● **TASK DIRECTIONS**
All of the listing should be output exactly, apart from the pictures.

● **DATA EXCERPT**
== Segment start ==

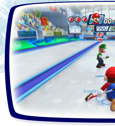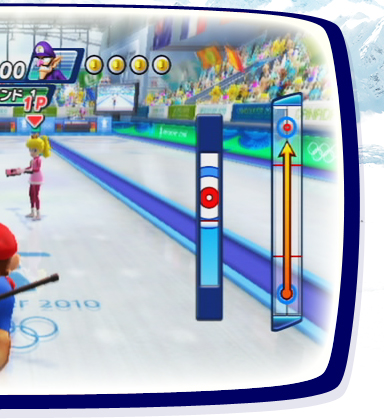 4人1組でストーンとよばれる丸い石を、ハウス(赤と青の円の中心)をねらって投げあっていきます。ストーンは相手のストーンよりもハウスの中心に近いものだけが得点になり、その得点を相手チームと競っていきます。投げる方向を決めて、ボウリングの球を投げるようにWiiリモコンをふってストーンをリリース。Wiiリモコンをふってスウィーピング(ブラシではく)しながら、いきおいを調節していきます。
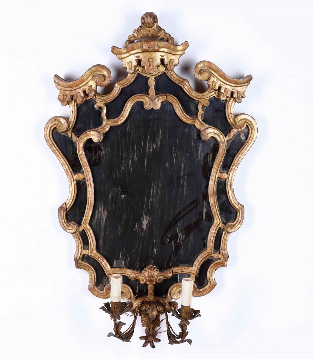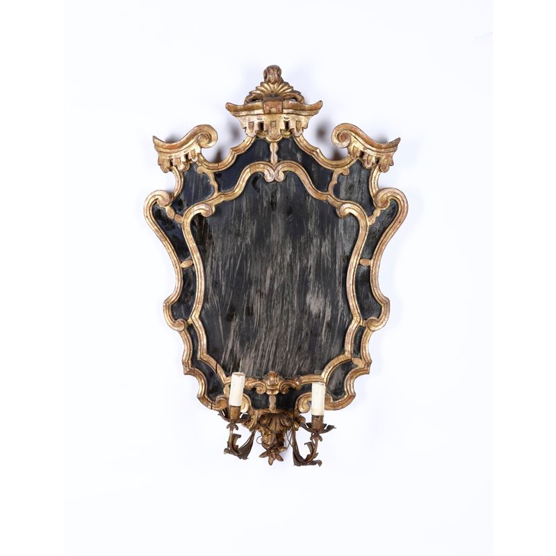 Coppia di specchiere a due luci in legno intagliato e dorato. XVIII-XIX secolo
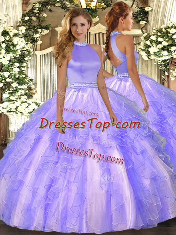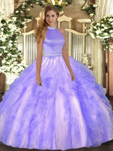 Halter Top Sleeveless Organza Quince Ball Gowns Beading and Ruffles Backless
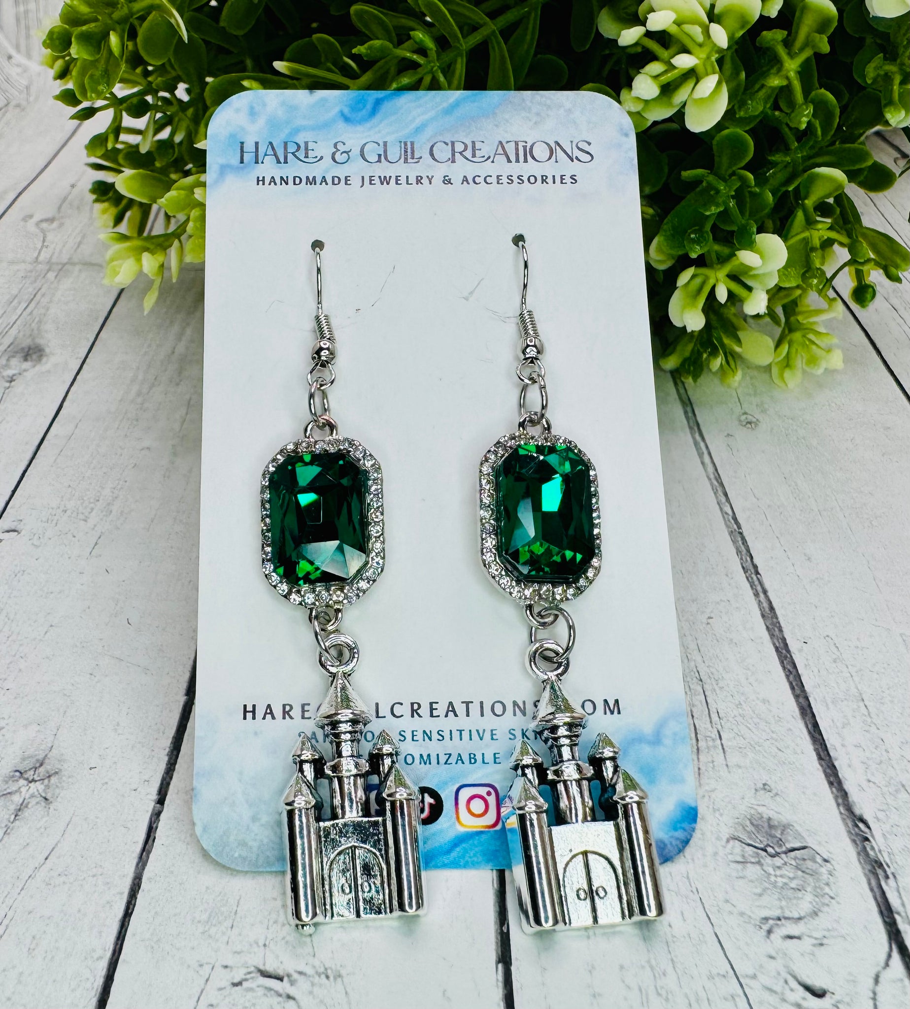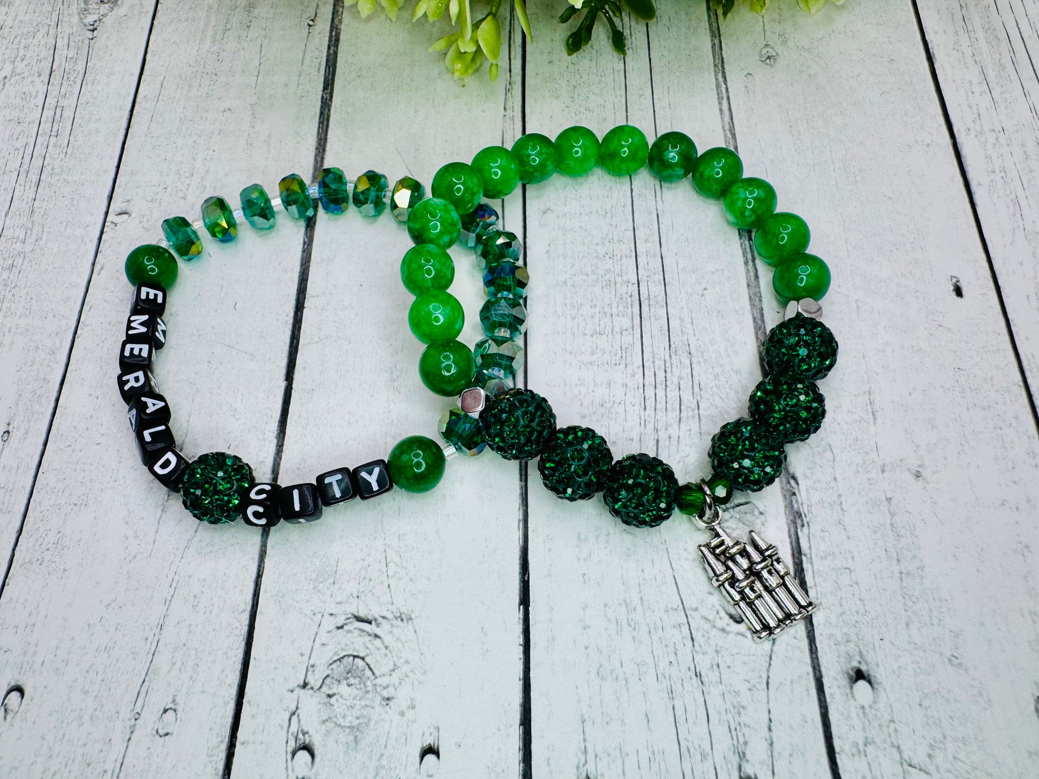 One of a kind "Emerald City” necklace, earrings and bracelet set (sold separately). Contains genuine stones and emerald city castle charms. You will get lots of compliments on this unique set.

== Segment end ==

● **REPLY TO THE EXERCISE**
 4人1組でストーンとよばれる丸い石を、ハウス(赤と青の円の中心)をねらって投げあっていきます。ストーンは相手のストーンよりもハウスの中心に近いものだけが得点になり、その得点を相手チームと競っていきます。投げる方向を決めて、ボウリングの球を投げるようにWiiリモコンをふってストーンをリリース。Wiiリモコンをふってスウィーピング(ブラシではく)しながら、いきおいを調節していきます。
 Coppia di specchiere a due luci in legno intagliato e dorato. XVIII-XIX secolo
 Halter Top Sleeveless Organza Quince Ball Gowns Beading and Ruffles Backless
 One of a kind "Emerald City” necklace, earrings and bracelet set (sold separately). Contains genuine stones and emerald city castle charms. You will get lots of compliments on this unique set.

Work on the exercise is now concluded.